### Your instructions
Exactly the lines below from the line with "21.02.2024ж. География пәнінен" through the line with "Размер 12,5 х" must make up the answer, both ends included and pictures left out.

### Records provided
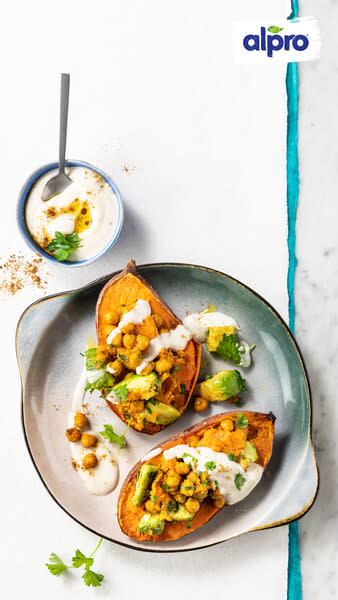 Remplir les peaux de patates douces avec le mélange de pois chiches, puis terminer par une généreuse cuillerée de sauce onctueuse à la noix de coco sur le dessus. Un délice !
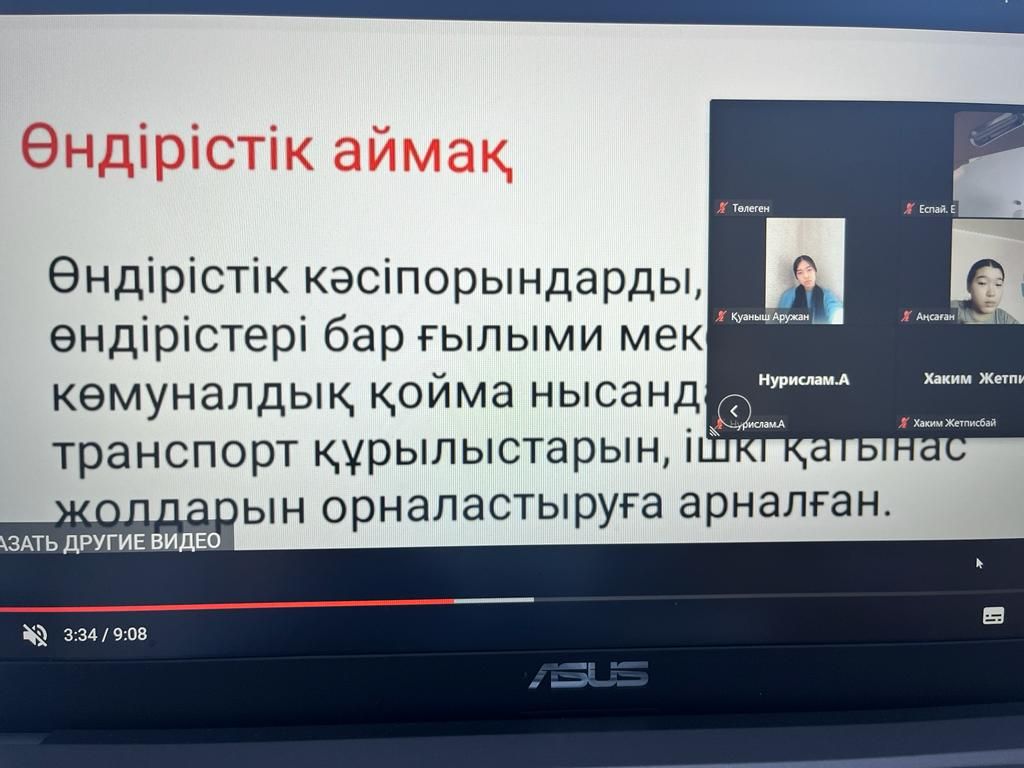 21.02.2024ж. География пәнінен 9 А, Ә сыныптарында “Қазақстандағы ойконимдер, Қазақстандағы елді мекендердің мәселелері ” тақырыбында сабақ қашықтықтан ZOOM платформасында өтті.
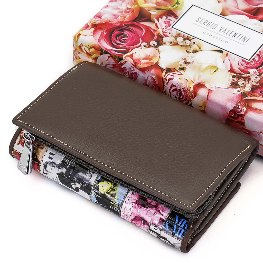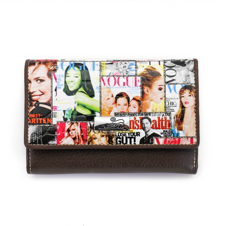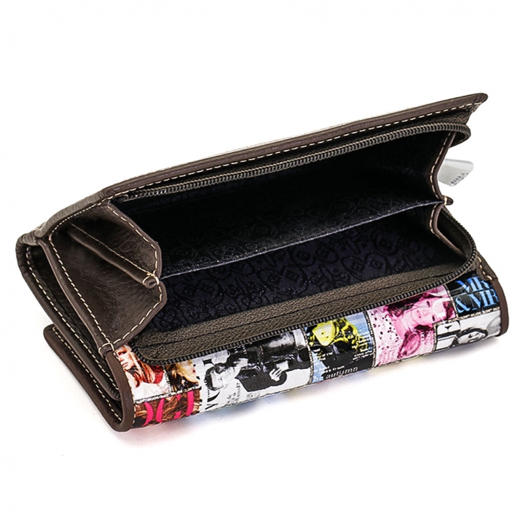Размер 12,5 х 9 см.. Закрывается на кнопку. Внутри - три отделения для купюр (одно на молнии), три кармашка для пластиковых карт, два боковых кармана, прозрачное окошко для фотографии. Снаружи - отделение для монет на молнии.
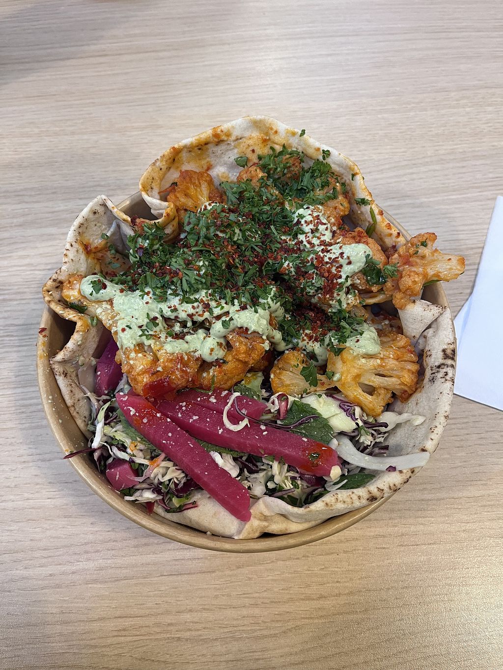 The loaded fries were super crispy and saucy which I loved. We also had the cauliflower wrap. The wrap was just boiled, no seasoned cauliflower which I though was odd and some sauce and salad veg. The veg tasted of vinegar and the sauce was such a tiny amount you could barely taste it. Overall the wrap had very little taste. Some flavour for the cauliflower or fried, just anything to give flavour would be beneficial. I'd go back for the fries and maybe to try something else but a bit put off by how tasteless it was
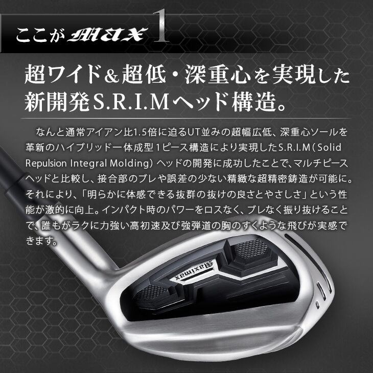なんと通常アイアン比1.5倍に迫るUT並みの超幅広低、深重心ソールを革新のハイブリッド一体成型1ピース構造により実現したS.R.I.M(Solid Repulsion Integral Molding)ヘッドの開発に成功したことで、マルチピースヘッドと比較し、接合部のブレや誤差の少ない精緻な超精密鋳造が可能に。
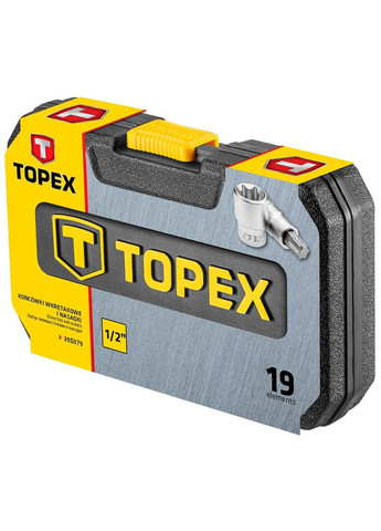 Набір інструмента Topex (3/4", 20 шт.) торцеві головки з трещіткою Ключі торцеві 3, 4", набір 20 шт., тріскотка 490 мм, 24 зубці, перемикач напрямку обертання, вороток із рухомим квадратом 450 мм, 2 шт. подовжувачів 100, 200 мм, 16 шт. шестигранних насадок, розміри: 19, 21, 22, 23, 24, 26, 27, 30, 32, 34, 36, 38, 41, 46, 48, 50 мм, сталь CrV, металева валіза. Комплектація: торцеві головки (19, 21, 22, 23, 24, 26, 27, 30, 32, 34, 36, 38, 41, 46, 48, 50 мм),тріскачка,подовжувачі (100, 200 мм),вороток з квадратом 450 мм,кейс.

### Response below
 21.02.2024ж. География пәнінен 9 А, Ә сыныптарында “Қазақстандағы ойконимдер, Қазақстандағы елді мекендердің мәселелері ” тақырыбында сабақ қашықтықтан ZOOM платформасында өтті.
Размер 12,5 х 9 см.. Закрывается на кнопку. Внутри - три отделения для купюр (одно на молнии), три кармашка для пластиковых карт, два боковых кармана, прозрачное окошко для фотографии. Снаружи - отделение для монет на молнии.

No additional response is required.